Defendor doesn’t have Batman’s budget. Or his skills, or anything else.
Harrelson plays Arthur Poppington, a public works employee who spends his nights putting on the costume of Defendor — he’s very particular about the “o” not being an “e” — and going out to fight crime. He has a particular hatred of drug dealers, as his mother died of drug abuse when he was young. He records his outings on VHS with a camera he has hooked up on his helmet, wields a trench club, and spouts one-liners that cause his targets to roll their eyes more than quake with fear. He’s slow-witted and inept, and in some films that would bring about the comedy that the film is hyped as. But he’s not slow due to being willfully stupid, as with stoner comedies, nor is it the unexplained but comical stupidity of the likes of Adam Sandler movies. It almost immediately becomes apparent — and is confirmed later by psychiatrist Dr. Parks (Sandra Oh) — that Arthur is mentally handicapped. He doesn’t quite comprehend the danger he’s in, and because of a sarcastic comment from his grandfather about the drug pushers being “captains of industry”, he thinks the city’s crime ring is the work of a nefarious Captain Industry. He has the understanding of a small child, but has lost the innocence, and is lashing out in the only method he understands.

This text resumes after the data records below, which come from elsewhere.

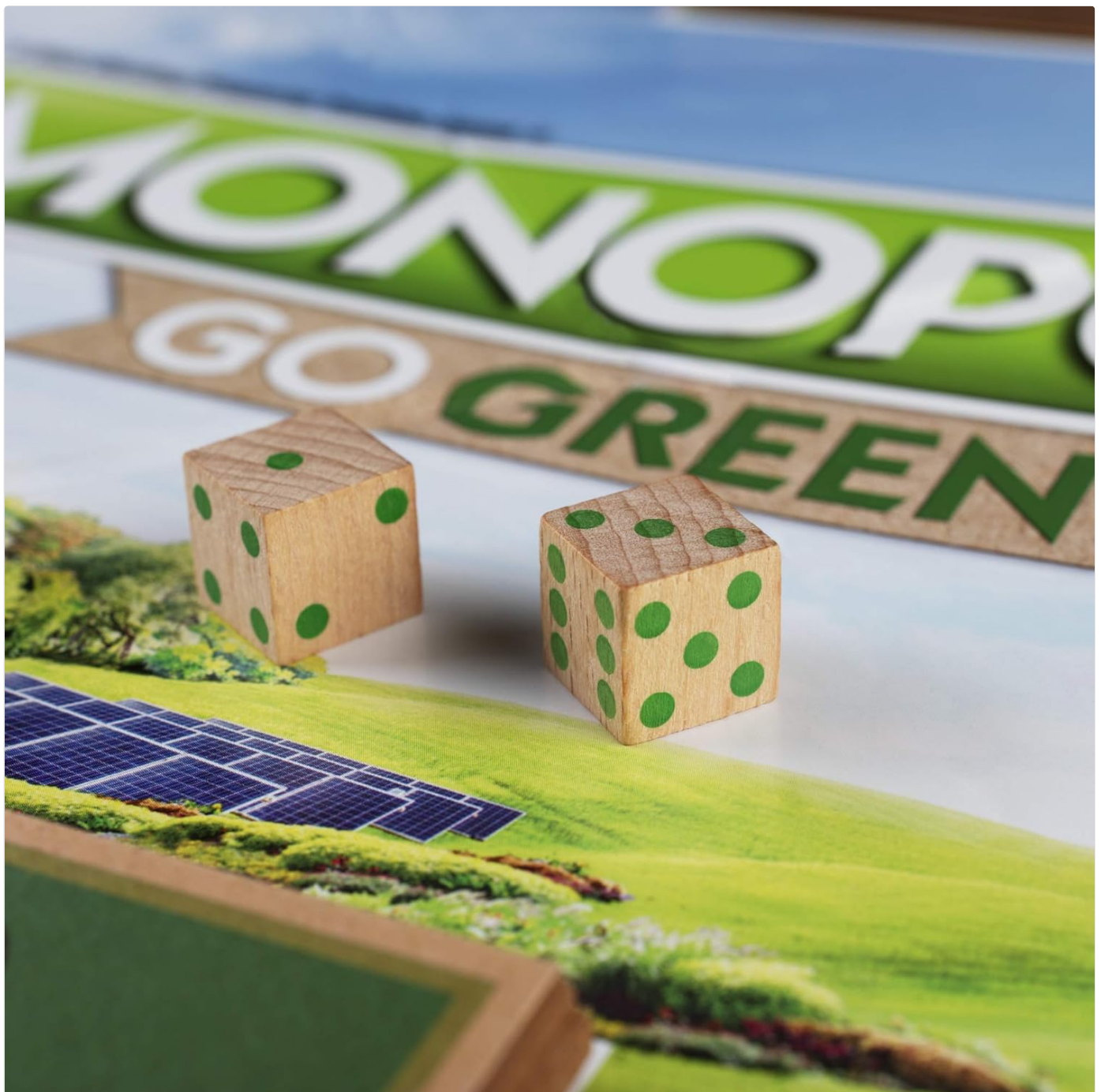
Image: A close-up of two light-colored wooden dice with green pips, used in the Monopoly: Go Green Edition game. The dice are resting on the game board, near a solar panel illustration.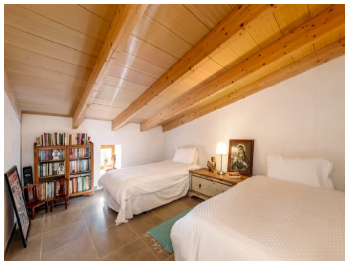
Another double bedroom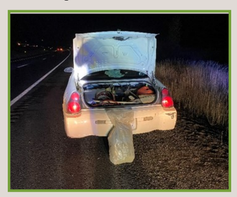
Marijuana seized from Monte Carlo

During the stop, the trooper observed signs of recent drug use along with the driver admitting to having marijuana in the vehicle. While conducting a search of the vehicle, the trooper located a large bag of marijuana (15 pounds) and 5.5 grams of methamphetamine.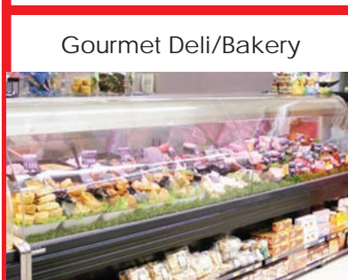
Specialty Meals & Salads Prepared in Store

Specials available from Monday 13th September until Sunday 26th September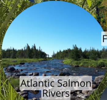
Atlantic Salmon Rivers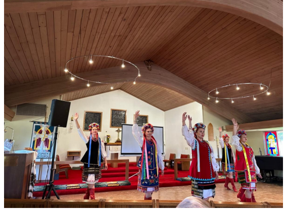
Zoloti Maky Ukrainian Dance Ensemble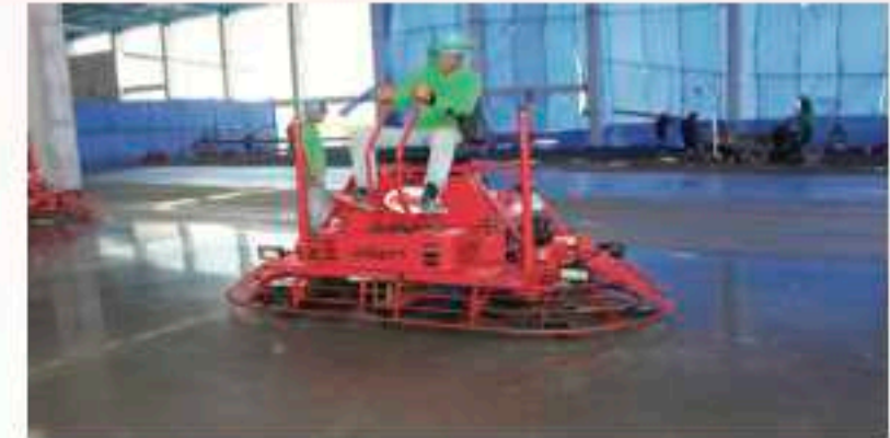
Allen MSP 445 With Blades

Concrete Mix Flatness F. Numbers Formwork Screeding Measurement

Laughing at him would be like laughing when Forrest Gump gets assaulted by bullies.
During one of his nightly crusades, he comes across a man arguing with a young woman in a car, and decides to intervene. The man is corrupt undercover cop Chuck Dooney (Elias Koteas), and the girl is his regular prostitute, Kat (Kat Dennings). Kat starts living with Arthur at his workshop, initially using him as a meal ticket, by feeding him false information about “Captain Industry”, who she claims is Dooney’s boss in the crime ring, Radovan Kristic (A.C. Peterson). As a result, Arthur begins chasing down Dooney and the members of his gang, fighting them and generally getting beaten up. His friend and employer Paul Carter (Michael Kelly) finds out about his activities, and tries to get him to stop; after Arthur is nearly shot in one of his fights, Kat tries to dissuade him as well. But even after Arthur is arrested for assaulting Kat’s father (the incident that results in him being evaluated by Dr. Parks), he is reluctant to hang up the tights until “Captain Industry” is defeated.
The actors in this film each give their characters a measure of life and reality beyond the limited dialogue they get. Harrelson’s Arthur is simple and honest and deeply earnest with everything he does. Although he’s slow, he is never goofy or wacky or any other descriptor that would befit an idiot hero in a comedy. Kat Dennings plays her namesake role with a nervous vulnerability that she attempts to mask with a hardened exterior; Kat (the character) doesn’t fool the audience, and she doesn’t fool Arthur either. Michael Kelly plays the concerned friend to such a degree that his character could easily have been re-written to be Arthur’s brother. And Koteas and Peterson are both adept at playing sleazeballs who are so inured to what they’re doing that it’s just business to them.
This is the first film directed by actor Peter Stebbings, and although it’s clearly a freshman effort, it’s not a bad one. The fight scenes are short and abrupt, and don’t oversell the skills of the un-super hero. The dark lighting, the frequent scenes of graffiti and disrepair, and the recurring voice-over of a disgruntled talk radio host all play into the mood of the movie, emphasizing how much the city needs a hero of some kind, even one who by all rights should be among the protected and not the protectors. It’s not a cheerful film, and comedic categorization notwithstanding, I don’t think it was meant to be. There’s far too much darkness and too little that could be comfortably funny in the film for it to be “darkly funny”. But it’s a surprisingly thoughtful work, and while the audience may not be laughing at the protagonists, it would be hard not to care about them.